Exploiting the observation that N-oxides are nontoxic metabolites of tertiary amine drugs, AQ4N (banoxantrone) was designed to have antitumor activity once it was reduced from a benign, fully oxidized species, with little intrinsic activity, by CYP450 enzymes, particularly CYP3A [68–70]. The high polarity of the di-N-oxide functional groups on the side chains prevented entry into cell nuclei and DNA binding, contributing to the very low intrinsic activity of the fully oxidized derivative [69]. AQ4N was also designed to release a stable and persistent cytotoxin, AQ4 a potent DNA intercalator and topoisomerase II poison [70], similar in structure tomitoxantrone, that would, potentially, have a greater bystander effect. This feature was to circumvent the drawback of TPZ and analogs that are activated and consumed in areas of specific hypoxia. In preclinical models, AQ4N enhanced the effect of radiation in an additive manner, independent of the schedule of dosing with respect to radiation [71–73]. AQ4N has been investigated in the clinic as a single agent and in combination with radiation and temozolomide. Although single-agent trials were promising [74–76], with AQ4N exhibiting accumulation in the tumor, low overall toxicity and some partial responses in patients, results from combination trials with radiation have not been reported to date and no new studies are planned.

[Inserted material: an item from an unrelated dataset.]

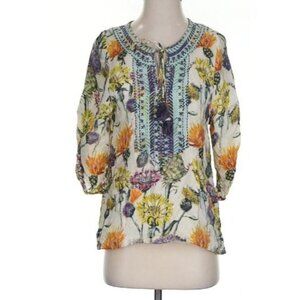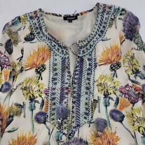 Tolani Floral Boho Tunic Top Womens Size Small Tassel Tie V Neck Sheer India

Direct Targeting of Hypoxia-Related Molecules

  1. HIF-1α

  2. Inhibitor of apoptosis (IAP) proteins, Survivin and XIAP

HIF-1α is the central transcriptional mediator of the hypoxic response in tumor cells and its overexpression is associated with increased angiogenesis, radioresistance, and a clinically poor prognosis in a variety of malignant tumors [77]. Therefore, HIF-1α and related proteins may serve as a radiotherapeutic target. Although there are no anticancer drugs that explicitly target HIF-1α, there are a surprising number of approved and experimental drugs that decrease levels of HIF-1α. These fall into a wide category of mechanisms that include antibodies against HER2, topoisomerase inhibitors, inhibitors of DNA activation through HDAC, and HSP90 inhibitors [78–80].

Several novel small molecule inhibitors of HIF-1α are now in early clinical trials. PX-478, an orally administered compound with radiosensitizing properties, derived from the clinical alkylating agent melphalan [81], is an inhibitor of HIF-1α expression [81–83]. In a phase 1 trial of PX-478 [84], 35% of patients achieved a stable disease response along with dose-proportional inhibition of HIF-1α levels. Interestingly, because PX-478 differs chemically from melphalan solely through oxidation to an N-oxide functionality, by analogy with the N-oxide AQ4N, PX-478 could also be considered as a hypoxia-activated cytotoxic agent. Nevertheless, data to date describe the activity of PX-478 as being linked to changes in HIF-1α signaling after irradiation, suggesting a mechanism independent of melphalan-like effects [85,86]. However, the association with melphalan, which does not have radiosensitizing properties, diminishes the attractiveness for the development of PX-478 in combination with radiation.

Phase 1 clinical trials with EZN-2968, an antisense oligonucleotide inhibitor of HIF-1α expression, demonstrated safety and potential activity in one patient with metastatic renal cell carcinoma [80].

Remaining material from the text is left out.